Mantis - Resin
Viewing Issue Advanced Details
4798 minor always 10-12-11 14:50 06-20-12 10:52
alex  
ferg  
normal  
closed  
unable to reproduce  
none    
none 4.0.29  
0004798: Japanese characters: java + php
Even if characters set is "UTF-8" in "Quercus" setting and the other environments ,characters in Java String are garbling.

For Example...

Java class :
 1 public class TestClass {
 2
 3 public static String TestString() {
 4 return "&12354;&12356;&12358;&12360;&12362;";
 5 }
 6
 7 public static String toByteString(Object o) {
 8 byte[] b = o.toString().getBytes();
 9 StringBuilder bs = new StringBuilder();
10 String hex;
11 for (int i = 0; i < b.length; i++) {
12 hex = Integer.toHexString(b[i]);
13 bs.append(hex.substring(hex.length() - 2));
14 }
15 return bs.toString();
16 }
17 }
PHP
 1 <?php
 2 // Garbling would happen
 3 $testStr = TestClass::TestString();
 4 echo $testStr;
 5 ?>
 6
 7 <hr/>
 8
 9 <?php
10 // Convert Byte String
11 $val = TestClass::toByteString($testStr);
12 echo $val;
13 ?>
14
15 <hr/>
16
17 <?php
18 // pack
19 echo pack("H*", $val);
20 ?>

Result (HTML)
1 BDFHJ
2 <hr/>
3
4 e38182e38184e38186e38188e3818a
5 <hr/>
6
7 &12354;&12356;&12358;&12360;&12362;
So, Line 1 is unexpected characters, we extected "&12354;&12356;&12358;&12360;&12362;".

Notes
(0005561)
alex   
10-12-11 14:52   
see attached file for nicely formatted code.
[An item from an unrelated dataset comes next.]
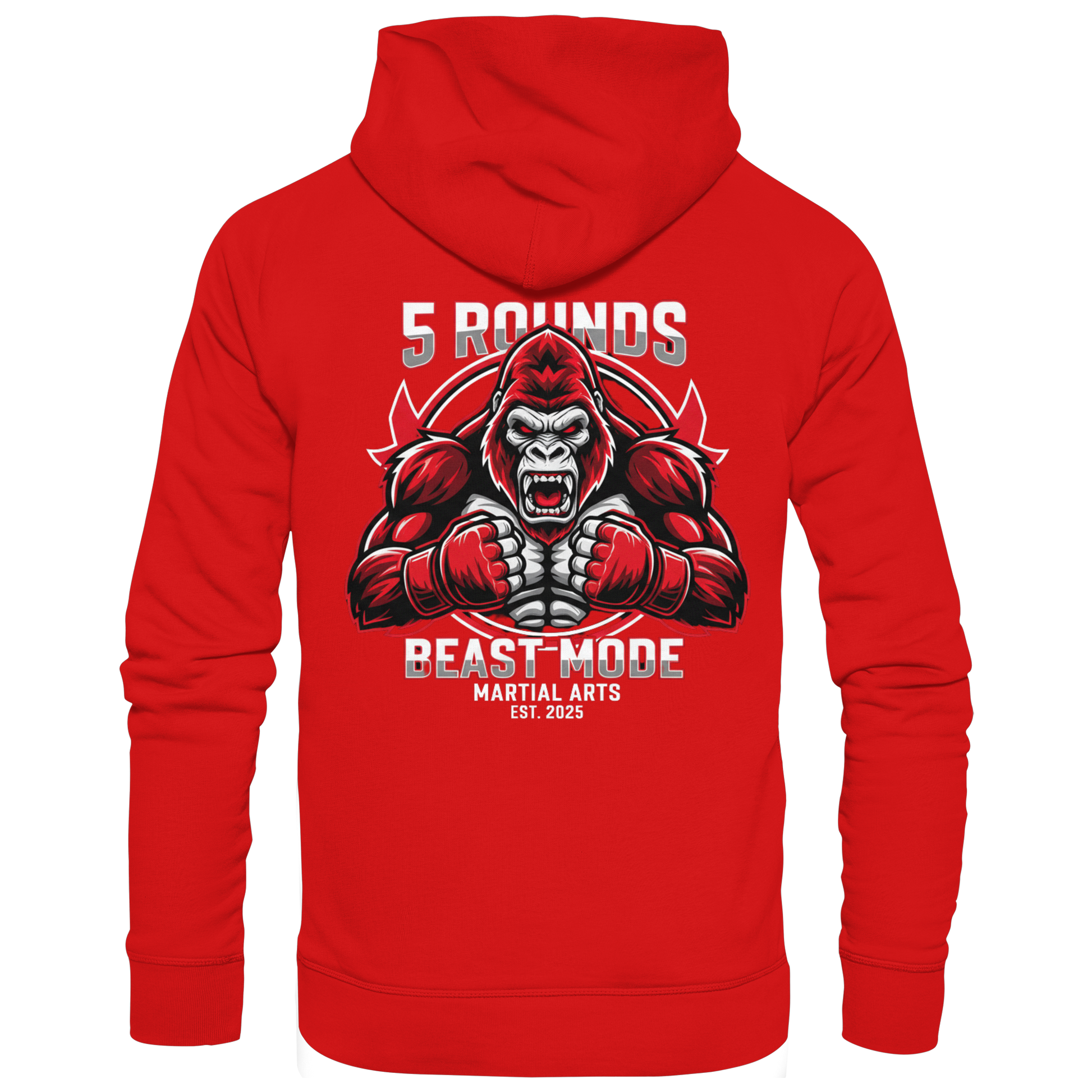 Das BEAST MODE Gorilla-Motiv auf dem Rücken symbolisiert Kraft und Entschlossenheit. Die prägnanten Farben Rot, Weiß und Schwarz verstärken das Gefühl von Energie und Leidenschaft. Vorne auf der Brust der hochwertige 5 ROUNDS Stick – cleanes Branding für echte Fighter.

Question 6.
(0005895)
ferg   
06-20-12 10:52   
php/0jj2

Note that the important setting is unicode.semantics="1" and also that the provided code is incorrect because it uses String.getBytes(). Either String.getBytes("UTF-8") or converting to hex from the char directly would be preferred.